On further review, I'm not sure whether the rapid file uploads are responsible for the database overload leading to the disconnection (although the reconnect-then-throw-exception behavior is still unpleasant). At the same time I see many exceptions like the following: 2014-05-13 16:16:49 mw1029 enwiki: [955fda5b] /w/index.php?title=Special:Export&action=submit Exception from line 1093 of /usr/local/apache/common-local/php-1.24wmf3/includes/db/Database.php: DB connection was already closed. #0 /usr/local/apache/common-local/php-1.24wmf3/includes/db/Database.php(3492): DatabaseBase->query('COMMIT', 'DatabaseBase::c...') #1 /usr/local/apache/common-local/php-1.24wmf3/includes/db/Database.php(3477): DatabaseBase->doCommit('DatabaseBase::c...') #2 /usr/local/apache/common-local/php-1.24wmf3/includes/db/Database.php(937): DatabaseBase->commit('DatabaseBase::c...', 'flush') #3 /usr/local/apache/common-local/php-1.24wmf3/includes/db/LoadBalancer.php(870): DatabaseBase->close() #4 /usr/local/apache/common-local/php-1.24wmf3/includes/specials/SpecialExport.php(395): LoadBalancer->closeAll() #5 /usr/local/apache/common-local/php-1.24wmf3/includes/specials/SpecialExport.php(179): SpecialExport->doExport('New York City??...', Array, false, false) #6 /usr/local/apache/common-local/php-1.24wmf3/includes/specialpage/SpecialPage.php(379): SpecialExport->execute(NULL) #7 /usr/local/apache/common-local/php-1.24wmf3/includes/specialpage/SpecialPageFactory.php(503): SpecialPage->run(NULL) #8 /usr/local/apache/common-local/php-1.24wmf3/includes/Wiki.php(285): SpecialPageFactory::executePath(Object(Title), Object(RequestContext)) #9 /usr/local/apache/common-local/php-1.24wmf3/includes/Wiki.php(596): MediaWiki->performRequest() #10 /usr/local/apache/common-local/php-1.24wmf3/includes/Wiki.php(448): MediaWiki->main() #11 /usr/local/apache/common-local/php-1.24wmf3/index.php(46): MediaWiki->run() #12 /usr/local/apache/common-local/w/index.php(3): require('/usr/local/apac...') #13 {main} combined with many "too many connections" errors in dberror.log; apparently someone was spamming Special:Export at the same time.
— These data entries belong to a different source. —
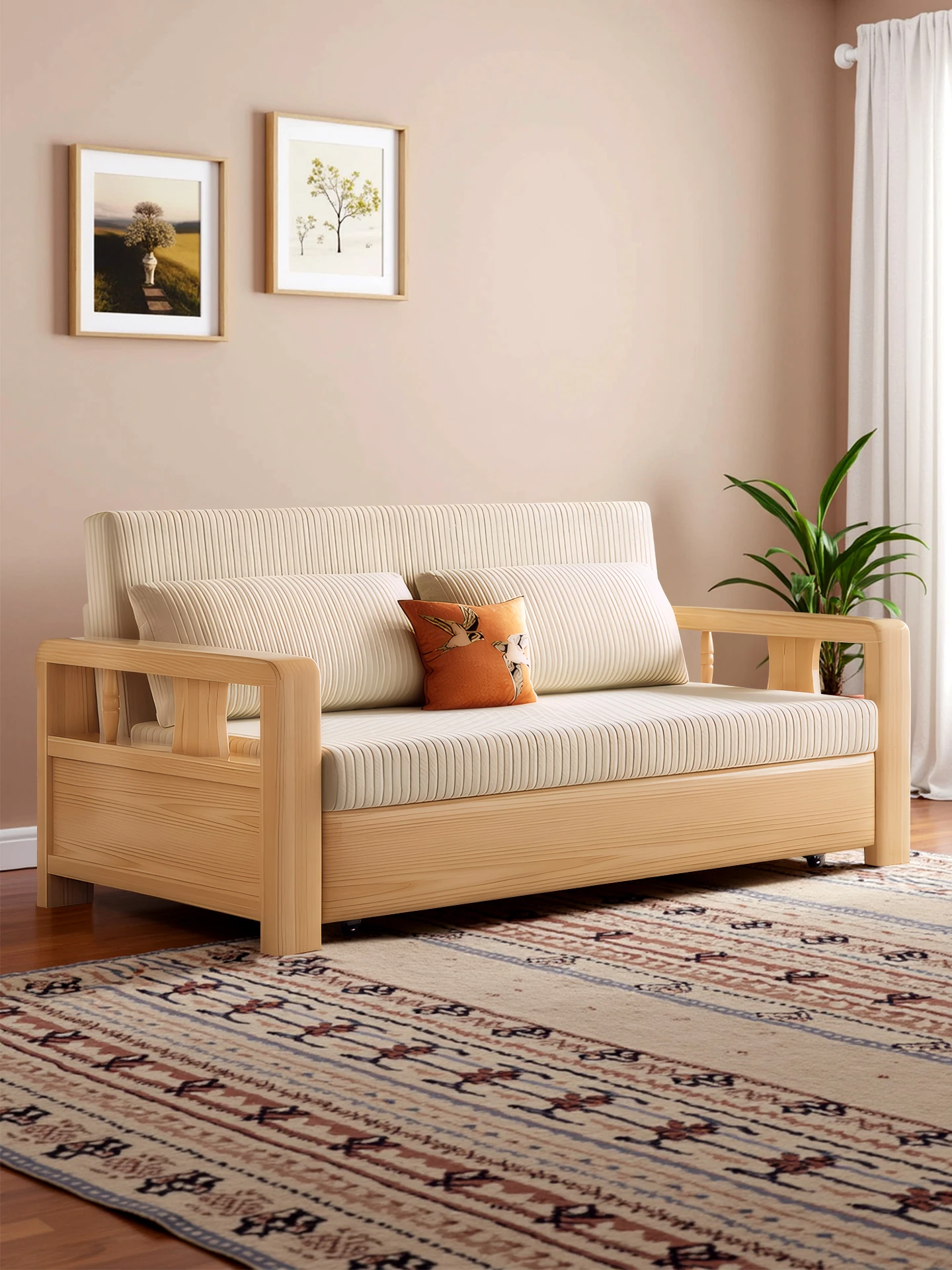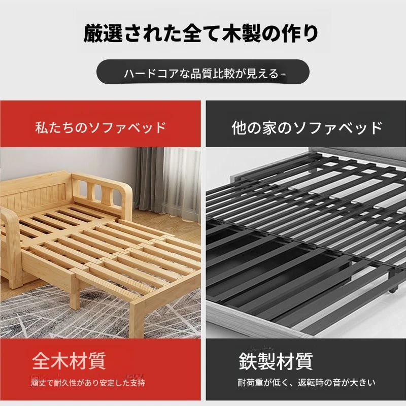 実木製ソファベッド|コンパクトな一人用|座る・寝る両方に対応|引き出し式で簡単収納|多機能折りたたみ伸縮ベッド|小さなお部屋にもぴったり!
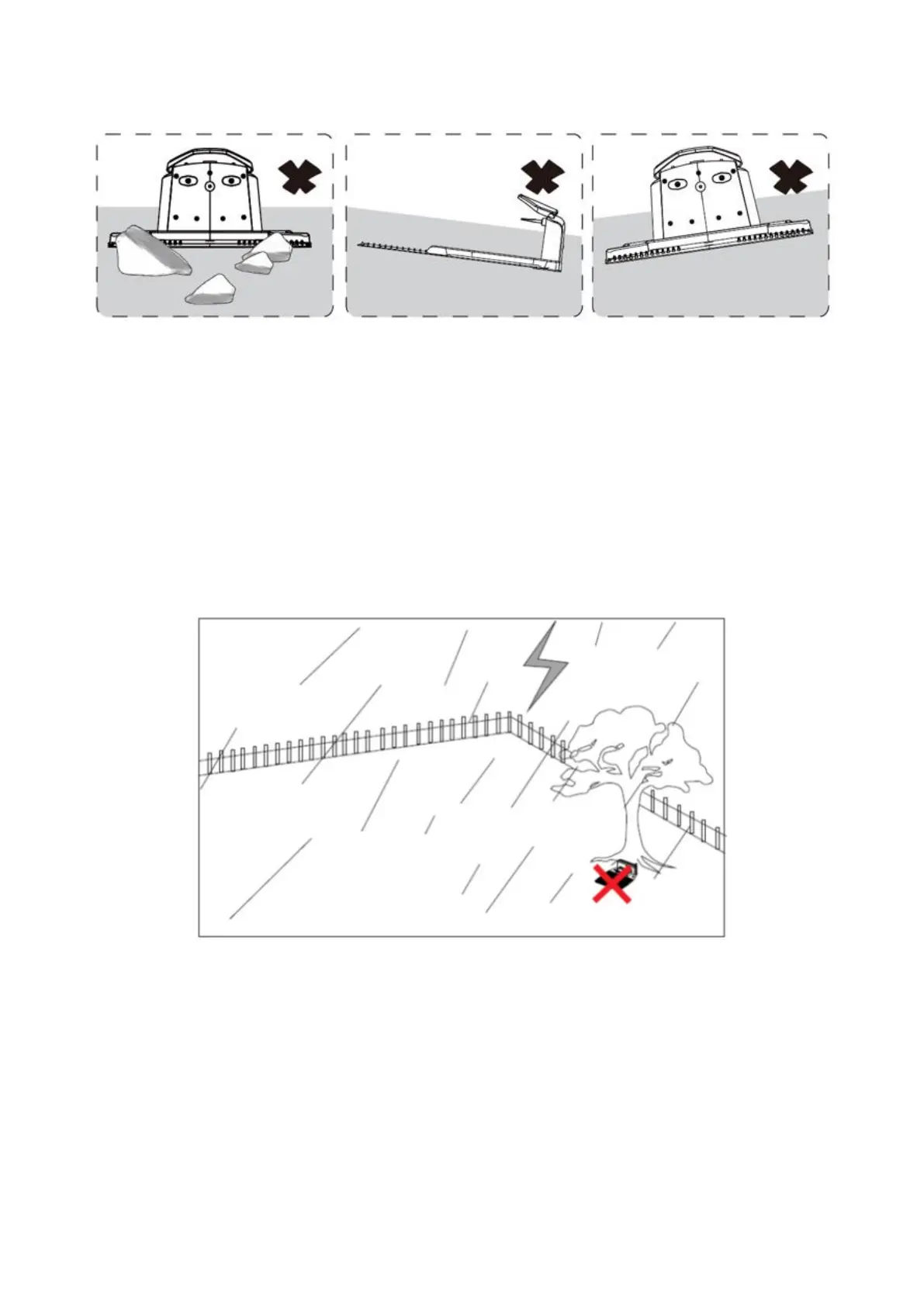 It is recommended that the robot lawn mower does not run when there is a thunderstorm
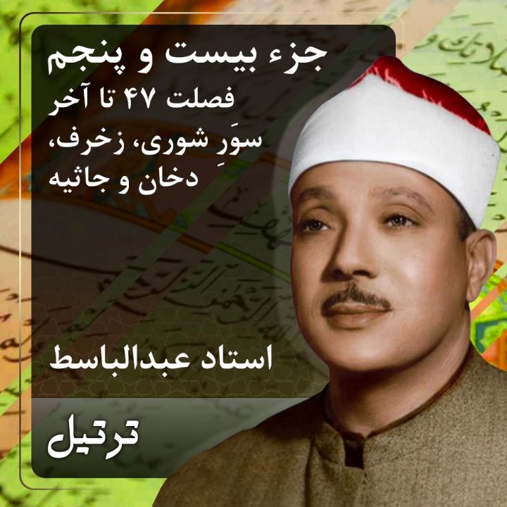 ترتیل استاد عبدالباسط محمد عبدالصمد، جزء 25 باترجمه آیت الله مكارم شیرازی، می باشد ،موضوع محوری سوره شوری مسئله وحی است و موضوعات دیگری مثل توحید، صفات مؤمنین و كفار و معاد از دیگر موضوعات آن است...

Note that enwiki (where Special:Export took place) lives in s1 while zhwiki (where I uploaded files) lives in s2.
Change 133173 had a related patch set uploaded by Aaron Schulz: Cleaned up database reconnection logic https://gerrit.wikimedia.org/r/133173
Change 133173 merged by jenkins-bot: Cleaned up database reconnection logic https://gerrit.wikimedia.org/r/133173
Gerrit change #133173 merged. I assume it has been fixed.